Online commerce platform based in India

Meesho Limited (short for Meri shop, My shop) is an Indian e-commerce company, headquartered in Bengaluru.' Founded by Vidit Aatrey and Sanjeev Barnwal in December 2015, Meesho is an online marketplace in categories such as fashion, home and kitchen, beauty and personal care, electronics accessories, and daily use products.

== History ==
Meesho Private Limited, formerly Fashnear Technologies Private Limited, was established by IIT Delhi graduates Vidit Aatrey and Sanjeev Barnwal in December, 2015 In 2016, the founders came up with the idea of re-establishing the platform as Meesho, one that would enable country-wide shipping for resellers with the use of social media sites as tools for marketing.

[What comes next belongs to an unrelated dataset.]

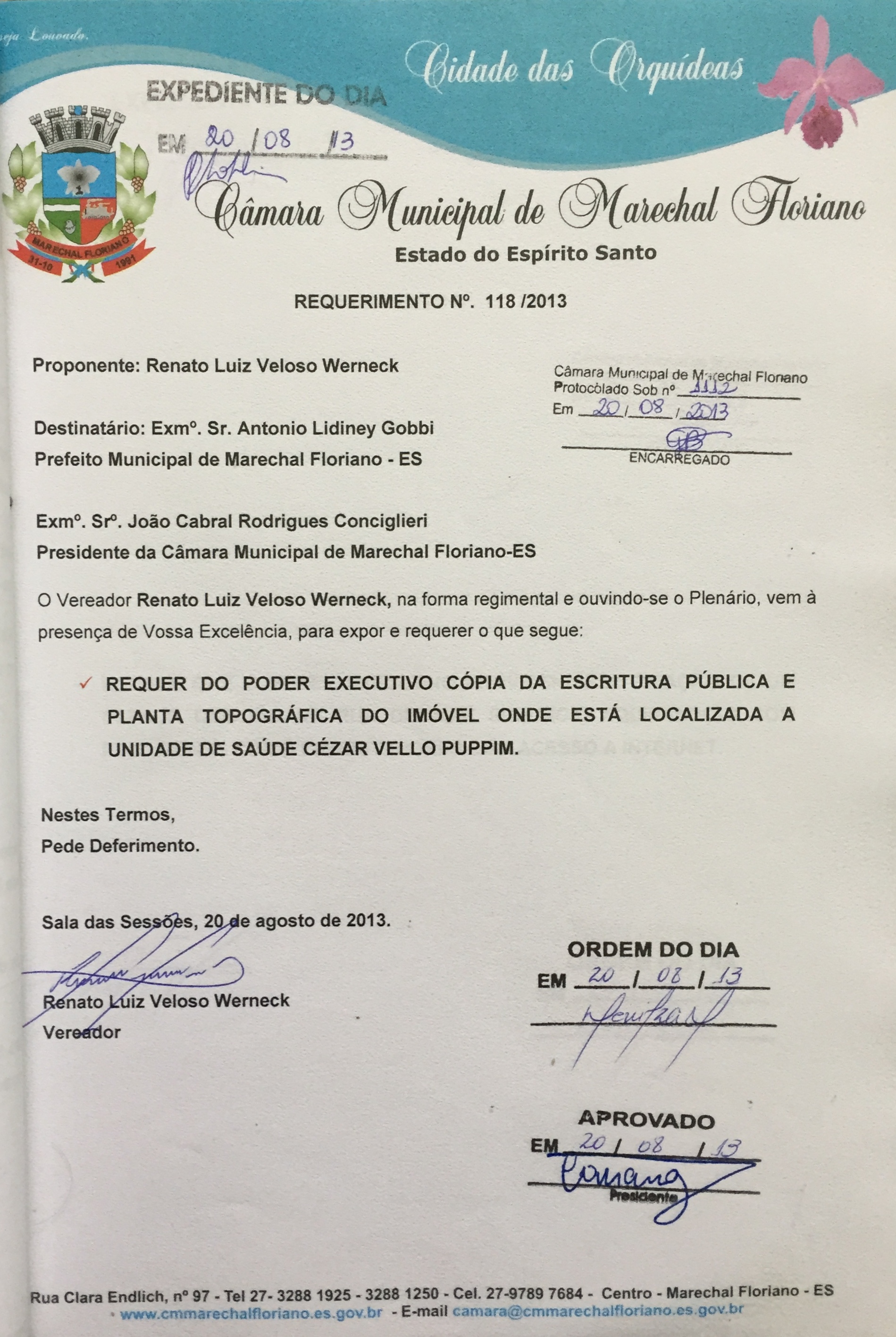 Ementa: REQUER DO PODER EXECUTIVO CÓPIA DA ESCRITURA PÚBLICA E PLANTA TOPOGRÁFICA DO IMÓVEL ONDE ESTÁ LOCALIZADA A UNIDADE DE SAÚDE CÉZAR VELLO PUPPIM.

In February 2019, the platform reported having around 209,000 users and about 1.2 million monthly orders, and in March 2020, it reported approximately 563,000 users and 3.1 million monthly orders. In 2021, the Meesho mobile application was ranked among the most downloaded shopping apps globally. In 2022, Meesho had about 120 million monthly users and about 910 million orders were made through the platform, with a gross merchandise value (GMV) of about $5 billion.

According to report as of August 2023 Meesho delisted 42 lakh counterfeit listings and 10 lakh restricted products under its initiative Project Suraksha. During the same period, the platform blocked access for over 12,000 user accounts flagged for policy violations. The Court granted injunctive relief by directing domain registrars to suspend the infringing websites. Additionally, the Court ordered law enforcement authorities to initiate criminal investigations, freeze associated financial accounts against the identified offenders.

In 2023, Meesho became the fastest shopping app to cross over 500 million downloads.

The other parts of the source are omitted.